* [Exercise details] Images are to be excluded, and the rest of the data repeated exactly.

[Collected data]
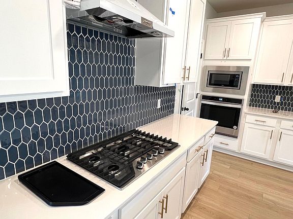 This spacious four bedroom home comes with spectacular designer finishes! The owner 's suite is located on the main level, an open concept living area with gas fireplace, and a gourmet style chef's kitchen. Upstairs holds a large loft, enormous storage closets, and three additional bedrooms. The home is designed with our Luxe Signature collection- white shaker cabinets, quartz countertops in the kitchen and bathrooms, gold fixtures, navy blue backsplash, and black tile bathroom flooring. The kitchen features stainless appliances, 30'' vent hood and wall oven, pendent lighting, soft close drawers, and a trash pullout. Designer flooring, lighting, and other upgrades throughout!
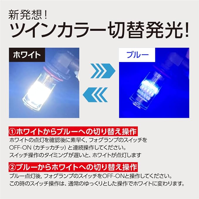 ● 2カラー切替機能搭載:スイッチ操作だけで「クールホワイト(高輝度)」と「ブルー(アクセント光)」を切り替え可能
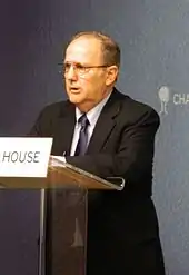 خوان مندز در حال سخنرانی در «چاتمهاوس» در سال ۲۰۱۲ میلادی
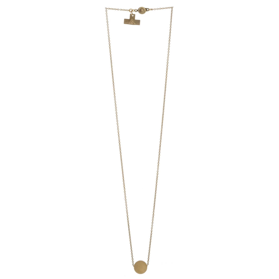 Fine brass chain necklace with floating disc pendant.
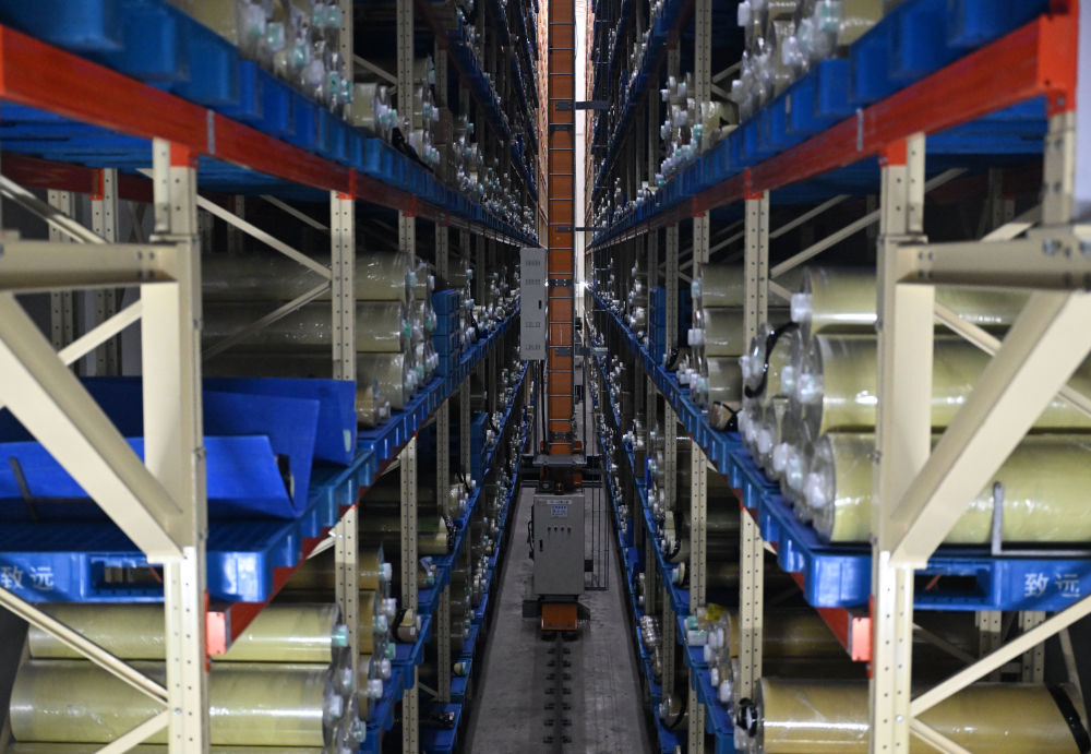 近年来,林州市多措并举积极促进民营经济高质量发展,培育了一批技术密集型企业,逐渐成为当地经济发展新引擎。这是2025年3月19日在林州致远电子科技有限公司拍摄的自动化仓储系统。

* [Reply to the exercise]
 This spacious four bedroom home comes with spectacular designer finishes! The owner 's suite is located on the main level, an open concept living area with gas fireplace, and a gourmet style chef's kitchen. Upstairs holds a large loft, enormous storage closets, and three additional bedrooms. The home is designed with our Luxe Signature collection- white shaker cabinets, quartz countertops in the kitchen and bathrooms, gold fixtures, navy blue backsplash, and black tile bathroom flooring. The kitchen features stainless appliances, 30'' vent hood and wall oven, pendent lighting, soft close drawers, and a trash pullout. Designer flooring, lighting, and other upgrades throughout!
 ● 2カラー切替機能搭載:スイッチ操作だけで「クールホワイト(高輝度)」と「ブルー(アクセント光)」を切り替え可能
 خوان مندز در حال سخنرانی در «چاتمهاوس» در سال ۲۰۱۲ میلادی
 Fine brass chain necklace with floating disc pendant.
 近年来,林州市多措并举积极促进民营经济高质量发展,培育了一批技术密集型企业,逐渐成为当地经济发展新引擎。这是2025年3月19日在林州致远电子科技有限公司拍摄的自动化仓储系统。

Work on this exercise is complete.